| WORK ORDER |
In the listing below, find the line with "Máy bơm trục" and copy every line from there up to and including the line with "Der Schnitt ist", exactly and without pictures.

| DATA |
┄┄┄┄┄┄┄┄┄┄┄┄┄┄┄┄┄┄┄┄
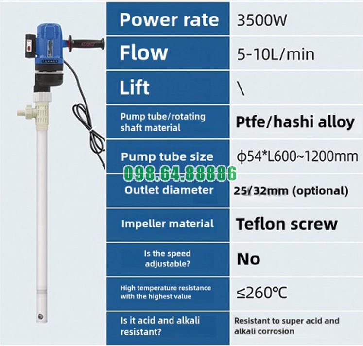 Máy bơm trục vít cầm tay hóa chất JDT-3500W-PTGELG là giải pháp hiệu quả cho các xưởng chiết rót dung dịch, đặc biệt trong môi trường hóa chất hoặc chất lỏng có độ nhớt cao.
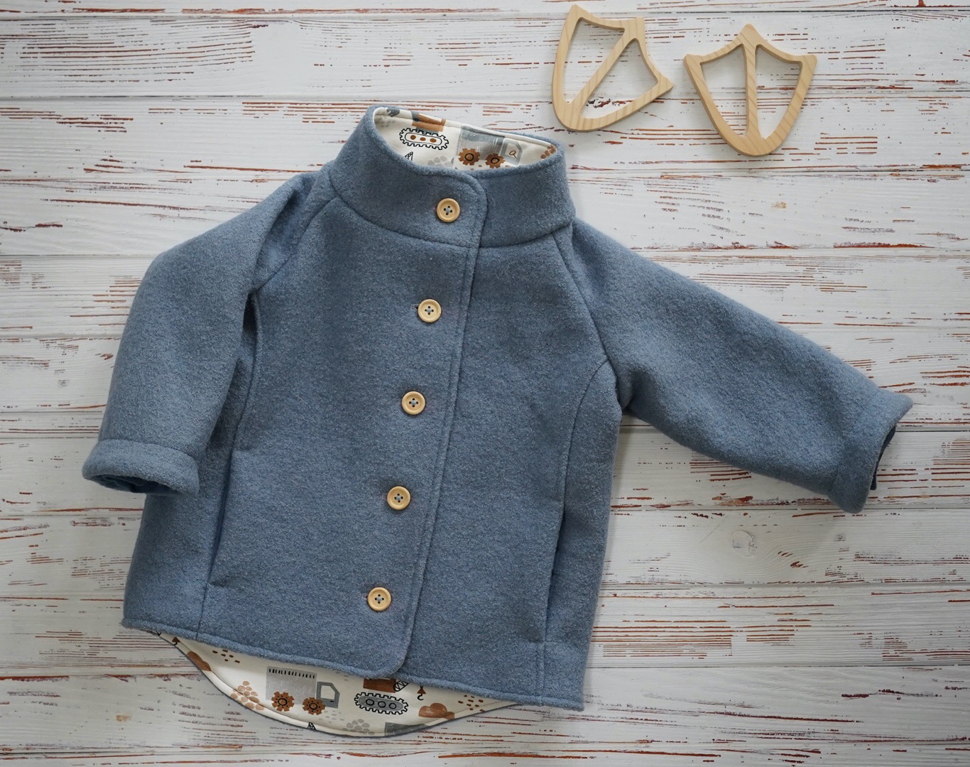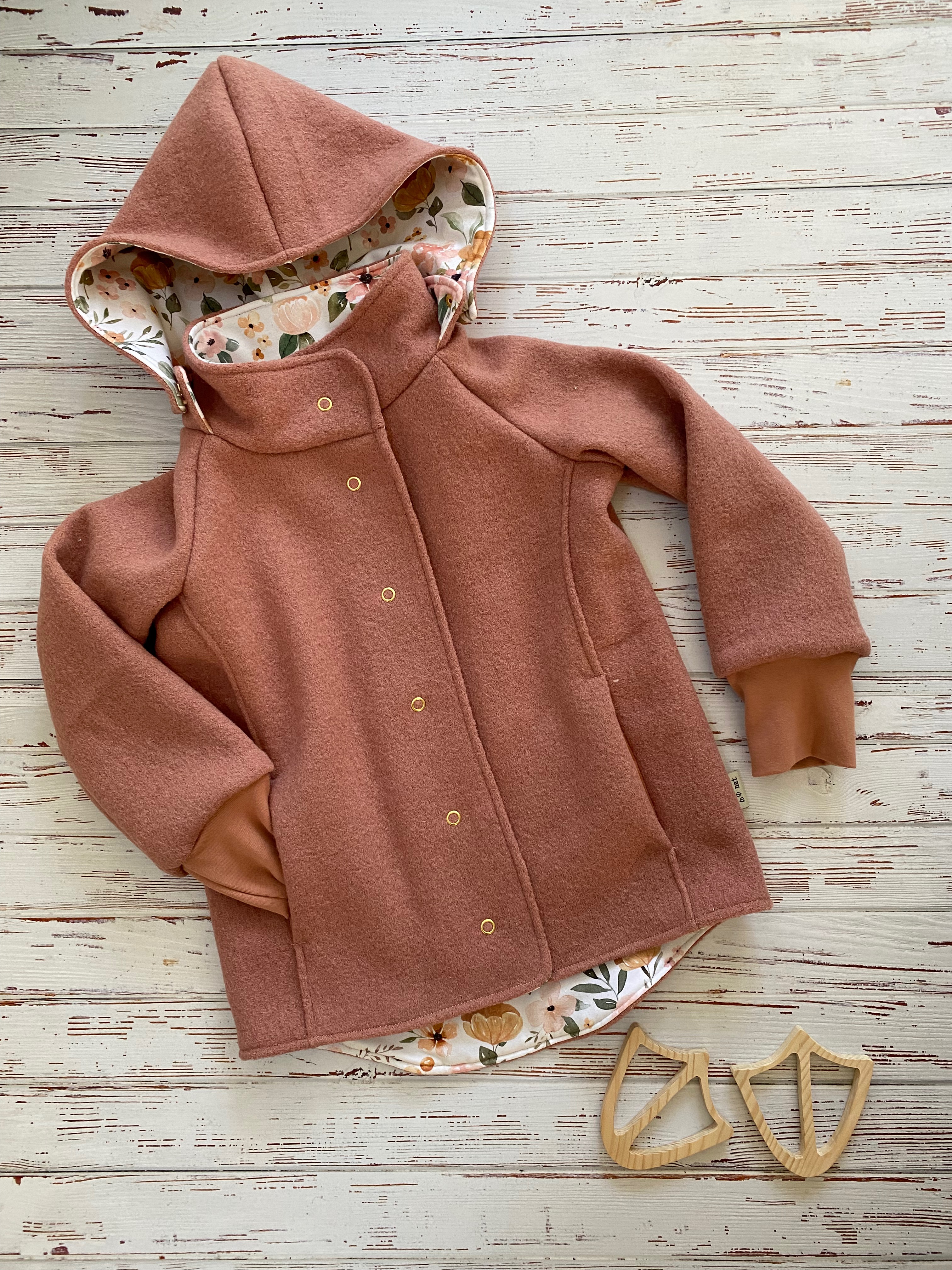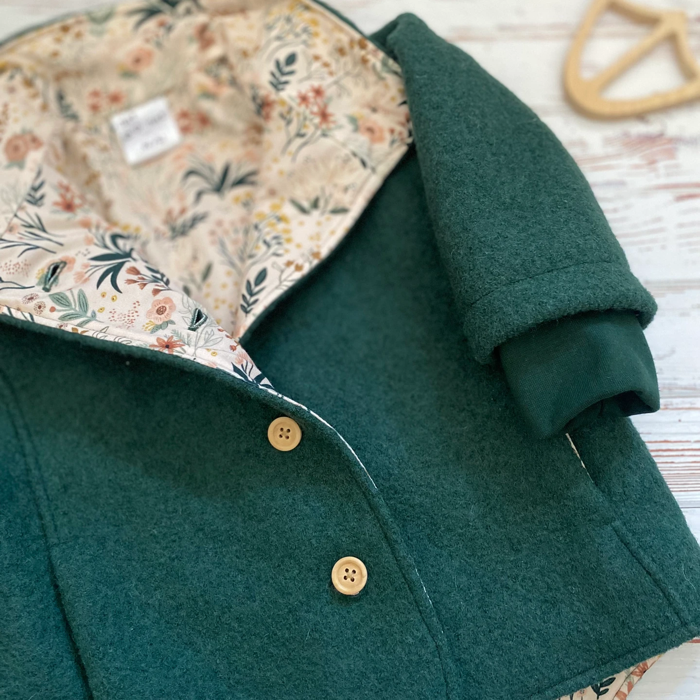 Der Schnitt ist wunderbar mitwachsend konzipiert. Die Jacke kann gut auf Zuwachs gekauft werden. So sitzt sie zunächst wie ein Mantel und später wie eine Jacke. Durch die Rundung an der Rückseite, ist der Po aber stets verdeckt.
┄┄┄┄┄┄┄┄┄┄┄┄┄┄┄┄┄┄┄┄
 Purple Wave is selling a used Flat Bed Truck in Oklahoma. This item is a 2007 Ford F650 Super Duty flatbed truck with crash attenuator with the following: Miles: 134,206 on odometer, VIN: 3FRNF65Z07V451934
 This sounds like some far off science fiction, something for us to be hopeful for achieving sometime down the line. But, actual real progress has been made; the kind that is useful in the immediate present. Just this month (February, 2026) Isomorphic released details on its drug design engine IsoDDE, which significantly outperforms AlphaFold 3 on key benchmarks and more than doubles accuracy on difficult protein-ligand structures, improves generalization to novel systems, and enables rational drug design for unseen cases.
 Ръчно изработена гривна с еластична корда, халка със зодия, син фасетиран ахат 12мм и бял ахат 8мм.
┄┄┄┄┄┄┄┄┄┄┄┄┄┄┄┄┄┄┄┄
| FINISHED EXERCISE |
 Máy bơm trục vít cầm tay hóa chất JDT-3500W-PTGELG là giải pháp hiệu quả cho các xưởng chiết rót dung dịch, đặc biệt trong môi trường hóa chất hoặc chất lỏng có độ nhớt cao.
 Der Schnitt ist wunderbar mitwachsend konzipiert. Die Jacke kann gut auf Zuwachs gekauft werden. So sitzt sie zunächst wie ein Mantel und später wie eine Jacke. Durch die Rundung an der Rückseite, ist der Po aber stets verdeckt.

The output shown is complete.